Importance sampling allows H-d true tests of highly discriminating DNA profiles
2019-04-09T01:37:19Z (GMT) by
H-d true testing is a way of assessing the performance of a model, or DNA profile interpretation system. These tests involve simulating DNA profiles of non-donors to a DNA mixture and calculating a likelihood ratio (LR) with one proposition postulating their contribution and the alternative postulating their noncontribution. Following Turing it is possible to predict that "The average LR for the H-d true tests should be one" . This suggests a way of validating softwares. During discussions on the ISFG software validation guidelines  it was argued by some that this prediction had not been sufficiently examined experimentally to serve as a criterion for validation.

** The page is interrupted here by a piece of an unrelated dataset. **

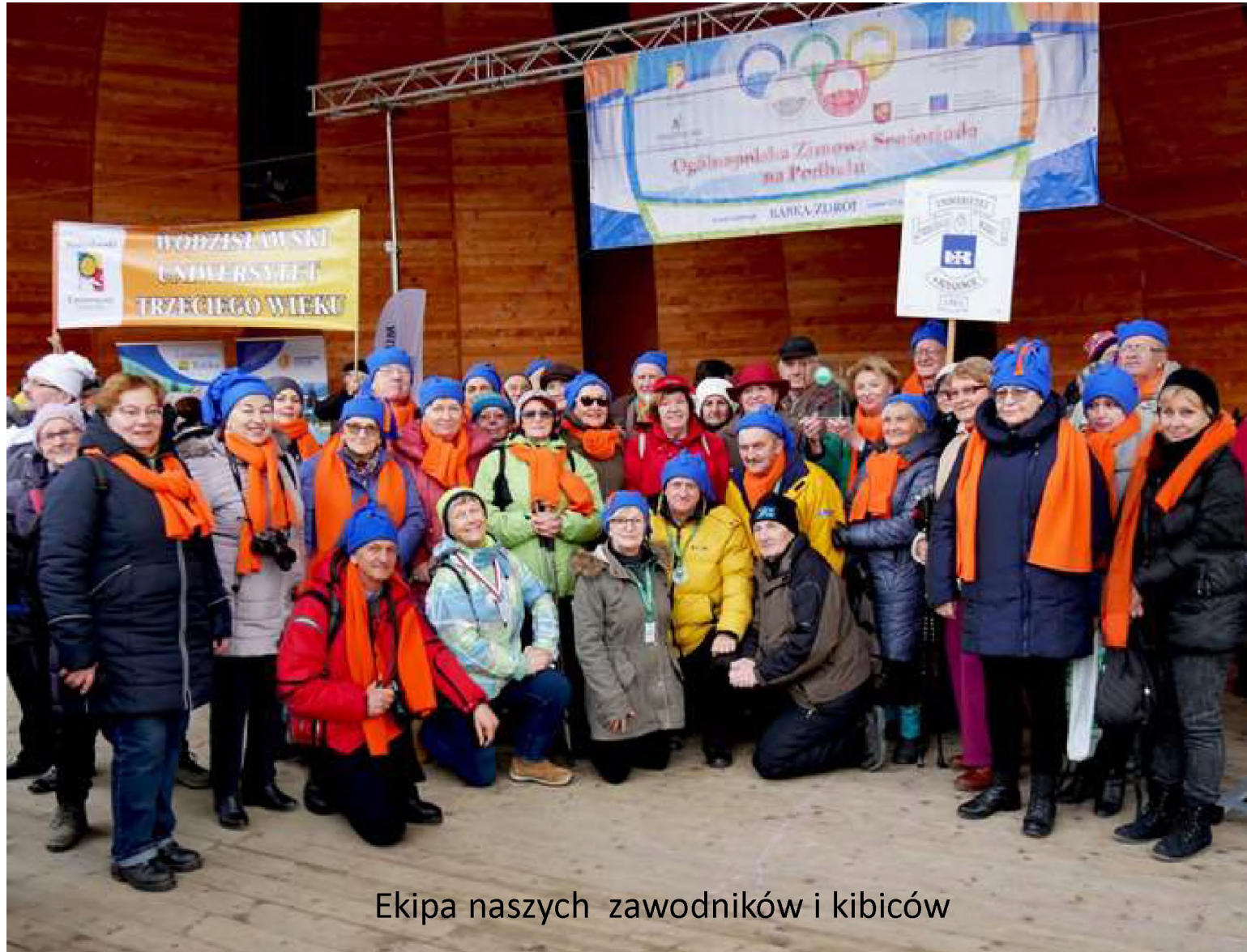
Ekipa naszych zawodników i kibiców

More recently a high profile report  has emphasised large scale empirical examination. A limitation with H-d true tests, when non-donor profiles are generated at random (or in accordance with expectation from allele frequencies), is that the number of tests required depends on the discrimination power of the evidence profile. If the H-d true tests are to fully explore the genotype space that yields non-zero LRs then the number of simulations required could be in the 10 s of orders of magnitude (well outside practical computing limits). We describe here the use of importance sampling, which allows the simulation of rare events to occur more commonly than they would at random, and then adjusting for this bias at the end of the simulation in order to recover all diagnostic values of interest. Importance sampling, whilst having been employed by others for H-d true tests, is largely unknown in forensic genetics. We take time in this paper to explain how importance sampling works, the advantages of using it and its application to H-d true tests. We conclude by showing that employing an importance sampling scheme brings H-d true testing ability to all profiles, regardless of discrimination power.